With some law clerks reportedly seeking legal counsel, one can well imagine a course of events that ends in litigation, after a clerk who refuses to turn over cell phone data is fired, then sues for wrongful termination. (Key query for another day: Would the justices recuse themselves from the lawsuit?)
To be sure, internal investigations are a commonplace of our era. In some fields of endeavor, they’ve become sufficiently ubiquitous that the psychological literature includes advice on how to survive the process. And when it comes to leaks from the judicial branches, investigations are not new. In 1938, for example, the Philadelphia Inquirer published a story predicting, correctly, that the Pennsylvania Supreme Court was about to strike down several new state laws restricting grand jury investigations. The furious justices interrogated the city editor, who implausibly explained that he had no sources inside the court and had based his prediction on the oral argument and a study of recent decisions.

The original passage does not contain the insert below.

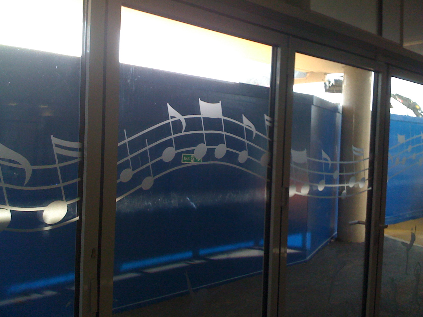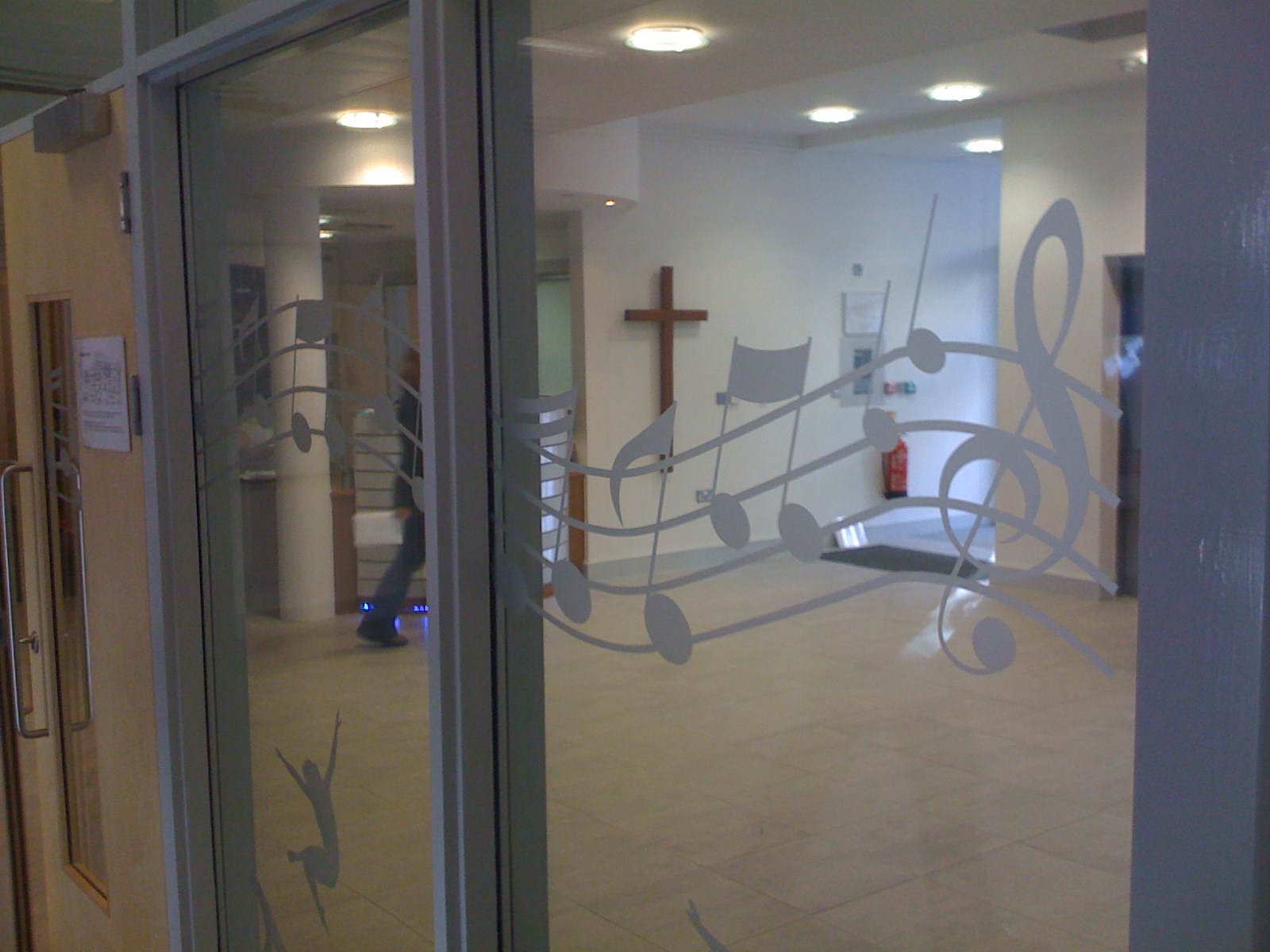 Window frosting film can add decoration and novelty to what would otherwise be plain glass surfaces. Patterns such as this also fulfil basic health and safety requirements by drawing attention to the panel of glass. In this case we added a continuous pattern of musical notation in frosted window film.

In 1939, an incensed Illinois judge demanded to know why a prisoner he’d ordered released, one Raymond Scott, had been rearrested. He was told that the attorney general’s office had received a tip that the Illinois Supreme Court was about to overturn the order and send the defendant back to jail. Thus, the prosecutor explained, “we moved to get Scott before he could flee.” The judge announced that he would undertake an investigation into how word of a pending decision got to the attorney general’s office. History does not record the result, but it is surely worth noting that the tip turned out to be wrong. As everyone’s been pointing out, the Supreme Court has hardly been exempt from worry over leaks. A 1919 leak of a pending railroad decision led to profiteering in the stock market, and criminal charges. But the justices have often used more discretion in responding. A 1935 Washington Post piece about the justices’ penchant for secrecy refers to a past incident in which, when a leak was suspected, “the court quietly disposed of the matter by internal investigation.”
Since the leak of Justice Alito’s proposed opinion, many outlets have run stories reminding us that the result in Roe itself leaked back in 1973, in an issue of Time magazine that hit the stands shortly before the decision was handed down. Then, too, there was talk among the justices of an internal investigation, perhaps even including lie detector tests. Then, too, there were fears that so intrusive a hunt would shake the foundations of the very institution it was supposed to protect. But we should also remember the denouement. The law clerk in question, appalled at the potential damage to the institution, bravely came forward. He confessed to his boss, Justice Lewis Powell, and offered to resign. Powell forgave his clerk, but sent him to see Chief Justice Warren Burger. Burger gave the young man a stern talking-to and sent him about his business.